Some 35 Democrats joined Republicans in voting, 260 to 167, to defeat a Democratic-sponsored substitute that would have held the increase in defense spending to $2.6 billion and would have taken the money from other Pentagon programs.
Republicans pushed the measure through quickly after members of the Joint Chiefs of Staff warned that, unless Congress provided the money by the end of March, the services would have to slash training, maintenance and procurement--seriously crimping military readiness.
The vote on final passage of the legislation was 262 to 165.
The Clinton Administration had asked for only $2.6 billion, to be offset by $703 million in spending cuts still to be decided. Republicans added another $600 million in spending to help finance pay hikes and other expenses that they contend are not adequately funded.
The vote marked the second time in a week that the House GOP majority has overridden the Administration on military issues. Republicans contend that Clinton’s heavy involvement in peacekeeping ventures has seriously hurt readiness. The Pentagon disagrees.
Last Thursday, the House passed broad legislation designed to restrict the President’s power to send U.S. forces on United Nations peacekeeping missions and to force the Administration to deduct the cost of such ventures from Washington’s financial contribution to the U.N. peacekeeping budget.
Pentagon estimates show that U.S. participation in peacekeeping operations will have cost the Pentagon about $2.6 billion by the time fiscal 1995 ends Sept. 30.
Since these operations were unexpected, the services paid for them by siphoning money from their operations and maintenance accounts, cutting back training and maintenance in the process. Readiness fell marginally early last autumn.
Republicans also used the legislation in an attempt to revamp the Administration’s military policies by cutting out some Pentagon programs that the White House wants to save.
The measure passed Wednesday, for example, would gut the Technology Reinvestment Program that the Administration has used to help finance development of “dual-use” technology it says would help defense contractors survive after the post-Cold War military drawdown.
It also would slash $190 million in U.S. aid to Moscow--$110 million to help build new housing for Russian military officers who have left the service and $80 million more to help Russia destroy nuclear, biological and chemical weapons.

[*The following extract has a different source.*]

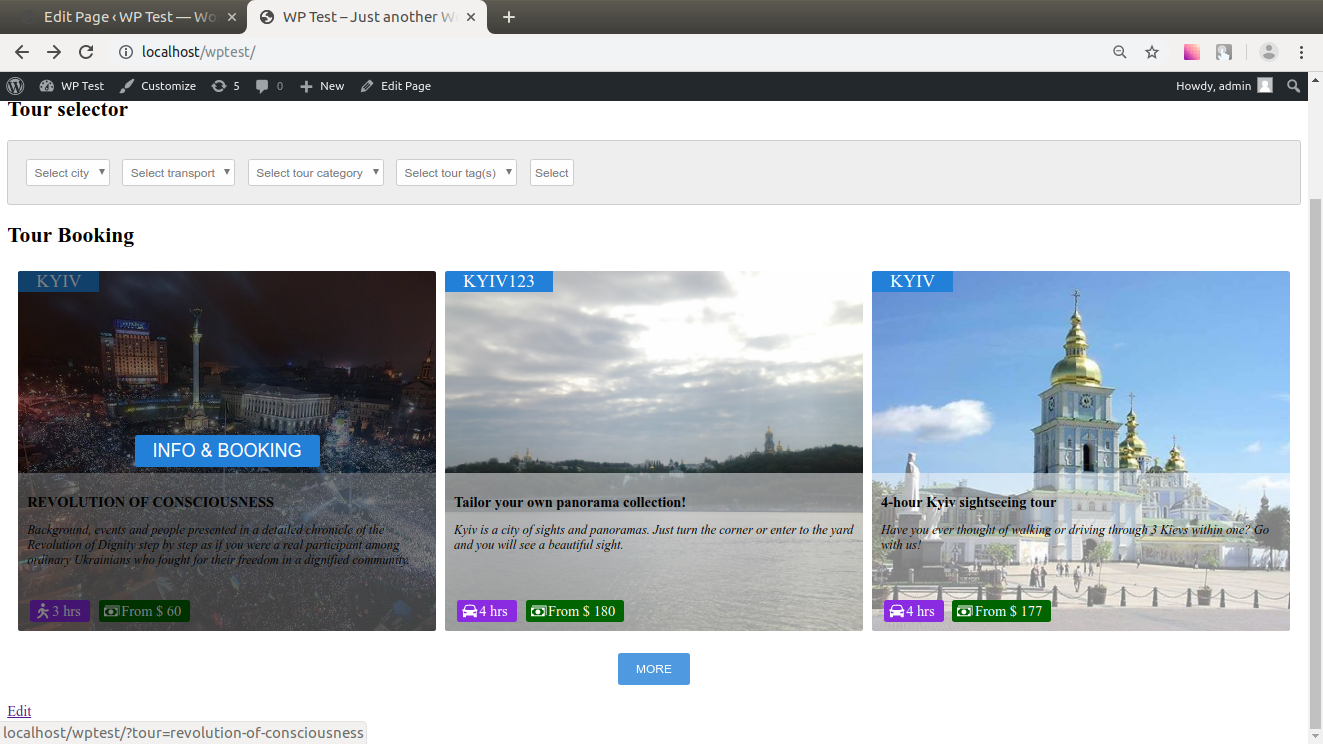 点击下载 旅游预订 插件描述 此插件专为旅行社,私人导游和其他提供预订机会的公司而设计为他们的客户旅游 – 酒店和其他预订公司。 每个游览都是具有以下属性的帖子: – 名称 – 注释 – 描述 – 初始图片 – 以小时为单位的游览持续时间 – 费用 – 运输类型(行人,汽车/汽车,船/船,自行车等) – 城市 – 起点 – 终点 – 订单(数量;较小)它是,游览距离列表的顶部越近;默认情况下,游览按创建日期排列) 此外,游览与其他WordPress帖子一样,可以有类别和标签。 该插件有一个过滤器(小部件),允许您按城市,交通,标签和类别选择游览。它还有一个自动短代码生成器,允许您放置在这些参数选择的页面上。 屏幕截图 旅游列表。 参观预订表格。 插件的管理页面:常规设置 插件的管理页面:颜色设置 插件的管理页面:消息的设置 短代码生成器 安装 上传 tour-booking.php 到 / wp-content / plugins / directory通过WordPress中的“插件”菜单激活插件

And it would cut about $150 million now earmarked for environmental cleanup around unneeded military bases. Defense Secretary William J. Perry has vowed to fight vigorously to keep all three appropriations intact.
The legislation also would rescind about $1.4 billion in spending authority for domestic programs, including $200 million for a Labor Department youth training program, $100 million in school construction money and $400 million for space program construction.
The remainder of spending in the bill would be financed by an estimated $360 million that the United States expects to receive in reimbursements from the United Nations and other nations involved in peacekeeping operations.